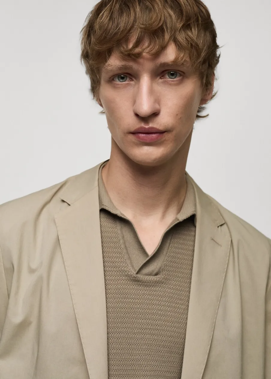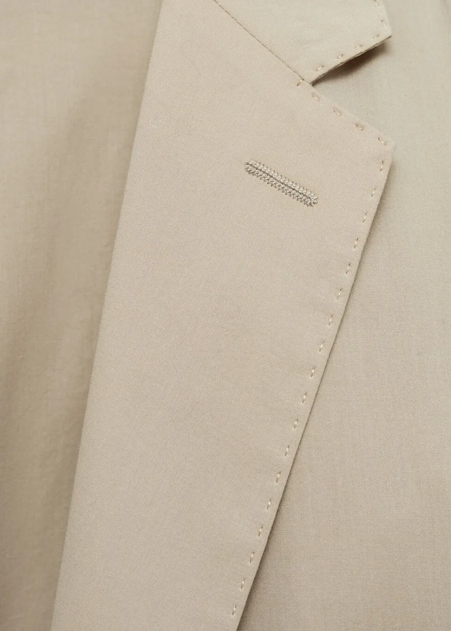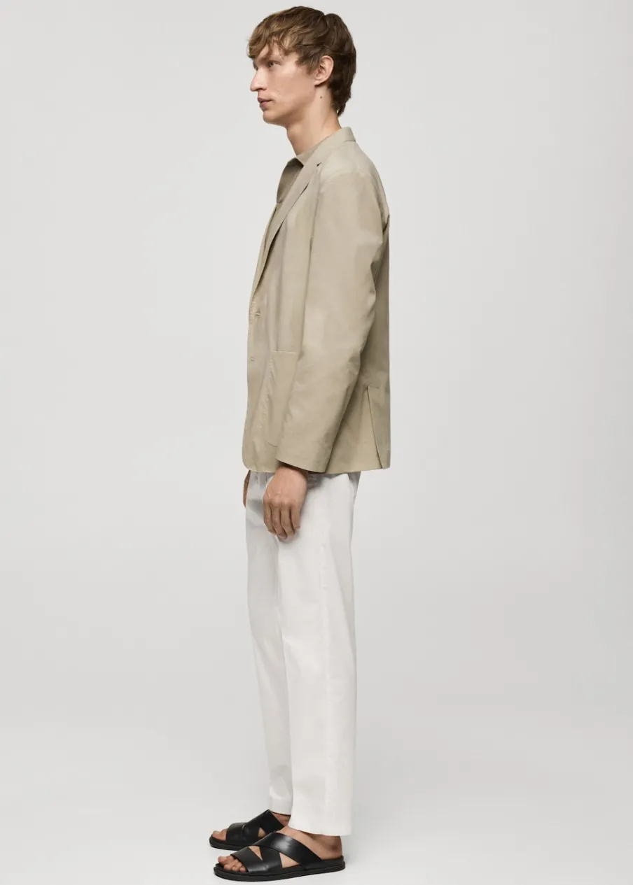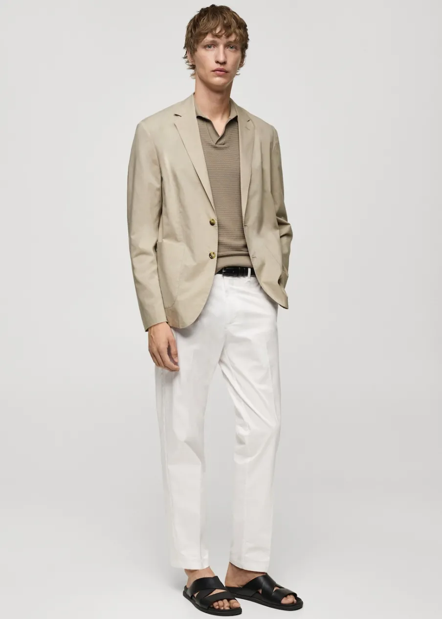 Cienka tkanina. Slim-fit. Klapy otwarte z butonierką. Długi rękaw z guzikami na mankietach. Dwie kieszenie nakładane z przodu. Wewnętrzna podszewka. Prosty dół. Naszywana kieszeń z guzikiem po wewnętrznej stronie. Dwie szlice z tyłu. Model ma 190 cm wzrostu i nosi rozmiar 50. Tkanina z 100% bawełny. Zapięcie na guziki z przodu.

==

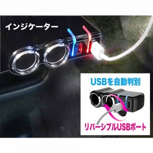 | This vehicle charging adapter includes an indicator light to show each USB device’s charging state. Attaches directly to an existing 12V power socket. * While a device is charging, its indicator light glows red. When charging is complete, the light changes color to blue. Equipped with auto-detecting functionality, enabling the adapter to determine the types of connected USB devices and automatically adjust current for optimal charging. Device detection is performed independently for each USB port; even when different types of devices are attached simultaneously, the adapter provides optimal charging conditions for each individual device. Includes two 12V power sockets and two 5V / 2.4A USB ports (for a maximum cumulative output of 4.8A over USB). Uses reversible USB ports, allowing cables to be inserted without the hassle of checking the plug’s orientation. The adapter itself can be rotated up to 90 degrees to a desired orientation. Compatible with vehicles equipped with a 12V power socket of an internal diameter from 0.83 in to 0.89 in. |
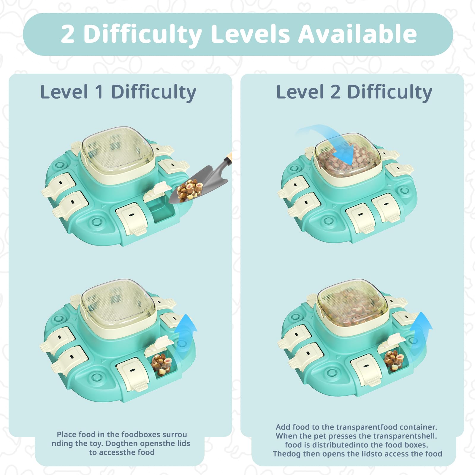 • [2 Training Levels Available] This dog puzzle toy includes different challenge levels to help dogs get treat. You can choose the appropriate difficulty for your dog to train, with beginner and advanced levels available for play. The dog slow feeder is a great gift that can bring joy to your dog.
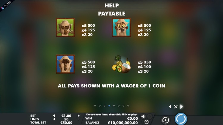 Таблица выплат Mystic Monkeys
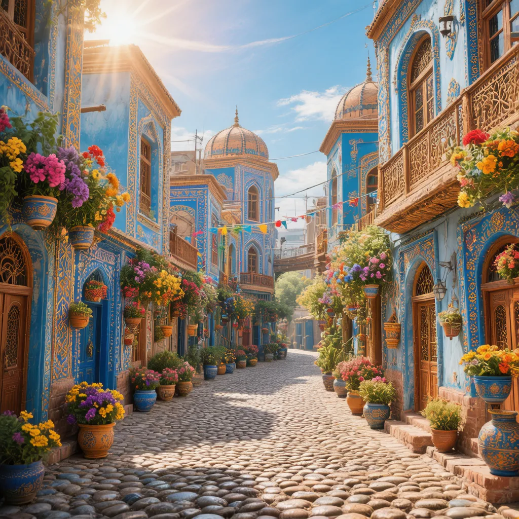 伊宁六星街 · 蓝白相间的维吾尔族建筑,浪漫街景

#### Required action:
Word for word, write out the lines above running from the one with "to 0.89 in. |" up to and including the one with "伊宁六星街 · 蓝白相间的维吾尔族建筑,浪漫街景". Drop any picture.

#### Result:
 | This vehicle charging adapter includes an indicator light to show each USB device’s charging state. Attaches directly to an existing 12V power socket. * While a device is charging, its indicator light glows red. When charging is complete, the light changes color to blue. Equipped with auto-detecting functionality, enabling the adapter to determine the types of connected USB devices and automatically adjust current for optimal charging. Device detection is performed independently for each USB port; even when different types of devices are attached simultaneously, the adapter provides optimal charging conditions for each individual device. Includes two 12V power sockets and two 5V / 2.4A USB ports (for a maximum cumulative output of 4.8A over USB). Uses reversible USB ports, allowing cables to be inserted without the hassle of checking the plug’s orientation. The adapter itself can be rotated up to 90 degrees to a desired orientation. Compatible with vehicles equipped with a 12V power socket of an internal diameter from 0.83 in to 0.89 in. |
 • [2 Training Levels Available] This dog puzzle toy includes different challenge levels to help dogs get treat. You can choose the appropriate difficulty for your dog to train, with beginner and advanced levels available for play. The dog slow feeder is a great gift that can bring joy to your dog.
 Таблица выплат Mystic Monkeys
 伊宁六星街 · 蓝白相间的维吾尔族建筑,浪漫街景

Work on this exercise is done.